Saturday, January 22, 2011

Salvaging Toasted Walnuts

I toasted walnuts a few weeks ago and wasn't so sure I liked the results. So I put the walnuts in brownies which may have made the brownies slightly strange. Yesterday, after shoveling snow, I decided to try salvaging the remaining walnuts. I took sugar, cinnamon, salt, and a pinch of cayenne, and mixed them with a bit of corn oil. I heated the spicy mixture slightly. Then, I added the sweet and spicy topping to the walnuts and mixed them all together. Delicious!

Friday, January 21, 2011

Window of Meat

We wandered along William Street and came across this glorious sight in the window of Golden King BBQ restaurant. We’re proud carnivores and were powerless to resist the savoury siren song of the window of meat.
- The Food Pornographer

Link here.

Wednesday, January 19, 2011

Grandmother Wisdom

When I don't get a full night of sleep I feel like an observatory with my head open to the stars. I used to think my need for sleep was a weakness, like my desire for food, chocolate, coffee, or meat! Instead of listening to my body I would reinterpret or ignore the signals. In my fiftieth year I realize it is helpful not hazardous to trust your body's wisdom. Happiness comes from listening to your body, even when you wish it were telling you something else! My body carries grandmother wisdom within me.

Monday, January 17, 2011

William Matthews

. . . pain and joy eat off each other's plates. . .
-William Matthews

Sunday, January 16, 2011

Ruth Reichl

My idea of good living is not about eating high on the hog. Rather, to me good living means understanding how food connects us to the earth.
-Ruth Reichl

Julian Stannard

Soup is God's younger brother.
Soup is Corinthians.
Soup is patient, soup is kind:
it does not envy, it does not boast

-Julian Stannard

Saturday, January 15, 2011

Inhale Deeply

Yesterday I realized I had dropped my asthma inhaler somewhere. It must have landed in the snow on my jaunt through in the cemetery with Lily. I even went back to look for it, but neither Lily nor I could find it. Years ago I had a black and tan coonhound and when I accidentally dropped my keys one day we returned to the cemetery and she picked up our scent and was able to find them. Perhaps I should carry my inhaler inside a duck decoy, perfect for a Labrador retriever! I was a little worried about my lungs so I made several pots of tea, which is an excellent bronchodilator in a pinch, and that held me over until I could get a new inhaler a few hours later. I never take breathing for granted anymore. While I was waiting I made a new inhaler pouch by salvaging the back pocket of an old pair of black denim jeans. It's a perfect pocket pouch! There's just enough friction to keep it from sliding out of my coat pocket and I can wear it around my neck in the summer.

Ham and Beans

Smoked ham and peanut butter sandwich!
Don't knock it until you've tried it.

Friday, January 14, 2011

Biscuits for Tea

I love Carr's whole wheat biscuits with strong black tea but I always feel compelled to to duplicate the foods I love rather than have to buy them. I have discovered that the wheat biscuit taste can be made by making a whole wheat oil pie crust and cutting it into weird shaped cookies.

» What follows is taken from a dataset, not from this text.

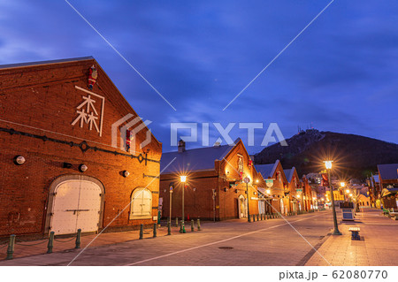 Cityscape of the historic red brick warehouses at twilight in Hakodate Hokkaido Japan in winter

I use a medium grind whole wheat flour, corn oil, skim milk, kosher salt, and sugar to taste. I press the crumbly mixture into a clay pie pan and then bake it at 350 for 25 minutes. You can bake the crust in a Pyrex glass or in a cast iron frying pan or on a baking stone. Try it, they're delicious!

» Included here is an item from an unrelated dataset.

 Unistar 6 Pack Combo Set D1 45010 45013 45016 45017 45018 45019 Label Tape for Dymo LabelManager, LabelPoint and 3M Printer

Thursday, January 13, 2011

Tea

Tea to the English is really a picnic indoors.
-Alice Walker

You can't get a cup of tea big enough or a book long enough to suit me.
-C. S. Lewis

I got nasty habits; I take tea at three.
-Mick Jagger

Cowboy Song

I wanna be a cowboy
tall and lean, drive

a rusty white truck and eat
kidney beans from

an open tin can squeezed
between my thighs with

the music on the radio,
sad and high. I

will drive down the road with
my tablespoon and

my dog in the seat and
the big round moon.

Frying Pan

I woke up dreaming about my twelve-inch cast-iron frying pan.
I was drying it with a blue dish towel so it wouldn't rust.
After ten years it is finally black, shiny, and seasoned, a culinary
Football field for onions and garlic, tackled until exhausted and scooped
On my toasted bread. A fast pizza for an impatient home cook who eats her lunch
Standing in the kitchen.

How can I be a painter, I have no attention span past twenty minutes?
My energy is focused, then zing.
This has always been true.
The dyslexic editor, the stuttering actor, the newscaster with a speech impediment;
We are attracted to our most difficult challenges.
It takes years to be seasoned enough
For things to cook fast.

We Slept Inside the Chicken

I sold a painting, and the check finally cleared last night! We ran out and bought a spiral-cut ham, 2 big cans of coffee, orange juice, sauerkraut, a head of cauliflower, two heads of broccoli, a bag of fresh spinach, a bunch of sweet potatoes, a fat roasting chicken, dried split peas, and dried red kidney beans. We cooked the chicken for later in the week while eating spinach salad and ham. The strong scent of the roast chicken rose all the way up to the bedroom. In bed we felt as if we were sleeping inside the chicken.

Snow Ice Cream

Last night we poured a cup of leftover eggnog over a quart of freshly fallen snow. It became instant and delicious eggnog ice cream!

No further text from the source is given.